So be it. Eddie didn't mind, actually. Why should he? Most of the teenage girls he'd known back up-time had been at least as prone to confusing fantasy with reality. Even if, in their case, the confusion was between a credit card and the money that had to pay the bills, instead of a confusion between castles and debris.

It wasn't a perfect world-and never had been, for a skinny and socially inept red-headed kid raised in a trailer park, even when he still had two feet. The fact was, Anne Cathrine just plain bowled him over. The only thing that really bothered him was that he just couldn't see any way to make a real romantic relationship between them work, even assuming she was willing. And the fact that she did seem to be willing just made it all the worse.

Her age wasn't even the problem. Eddie would wait, and be glad to do so. But you don't "wait" for a princess to get older, because it doesn't matter how old she gets. She'll always be a princess-fine; "king's daughter." Big fricking difference, when you're still a one-footed chump of a junior naval officer with no title to your name beyond "Lieutenant"-a dime a dozen, that title was, in this world even more than the one up-time-and no fancy family connections-no family left at all, actually-and the only influential human being you had any close connection to-

Oh, the icing on the cake!

– was the same admiral who was blowing Daddy's Place to smithereens.

Who ordered this?!

The one and only thing that kept Eddie and Anne Cathrine alive was the simple fact that, powerful as they were, those ten-inch guns took a long time to reload. So, they'd reached the bottom floor and were already out the door into the courtyard where a coach was waiting for them when the second broadside from the Constitution started finally collapsing the Blue Tower. Not completely, not yet-but looking back hurriedly Eddie could see that the top two stories had come down already and what remained beneath was looking very, very shaky. He also saw the cloud of dust and debris that blew out of the doorway they'd just emerged from, and knew that the interior staircase must have been brought down. If they'd been just a few seconds later getting out of there, they'd have been crushed.

"In," Anne Cathrine hissed, more or less tossing Eddie into the carriage. She clambered in behind him, then had to stretch to close the door. The coach driver had already had the team of horses moving before she'd gotten all the way in, and the door had been flung wide open.

"Idiot!" she muttered. Eddie, on the other hand, thought the driver was a genius. He leaned his head out the window and looked back. From the looks of it, the Blue Tower would be coming down on its own, soon enough, even if the ironclads didn't fire any more rounds. It was already on fire, of course. The explosive material in those ten-inch shells was simply black powder. They weren't designed to be incendiary rounds, as such. But firing into a castle full of flammable materials, it hardly made any practical difference.

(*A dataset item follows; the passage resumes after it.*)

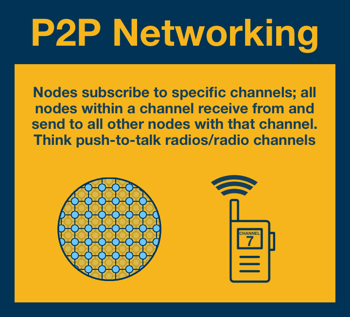 Peer-to-peer (P2P) = each node connects directly to its peer nodes. No node is more trusted than another.
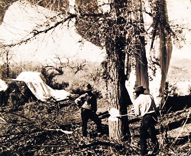 1945년 3월 29일 네바다 중 닉슨 근처에서 나무에 걸려 발견된 불발된 일본 풍선 폭탄, Source: wiki. com. by 미해군박물관, public domain

Anne Cathrine's head came into the window right next to his, her cheek pressed against his cheek and the rest of her in a full-body press against his back and the back of his legs.

"Oh!" she gasped, staring up wide-eyed. "Papa will have a fit. Your admiral will be lucky if he keeps his head!"

Eddie would have giggled again, except his whole throat was constricted. He felt like a one-man hormone factory. A very, very big factory-and the only boss in charge seemed to have the intelligence of a rabbit. A tiny little scrap of a brain with only enough room in it for one thought, and that one as primitive as it gets.

And then, what little scrap remained shrank down to maybe four functioning neurons. Anne Cathrine pulled him out of the window and closed the curtains. "You musn't be seen," she murmured. Right into his ear, because her cheek was pressed more closely still. So was her full-body press, except within seconds it wasn't pressed against his back.

"You musn't be seen," she repeated, still murmuring. "The driver and two coachmen probably know who you are, but they've been very well paid. Still, the less they see, the less they have to remember to lie about."

Then, she giggled. "Too bad it's not a very long trip." She was nuzzling his ear, now. "But we'll have lots of time when we get there."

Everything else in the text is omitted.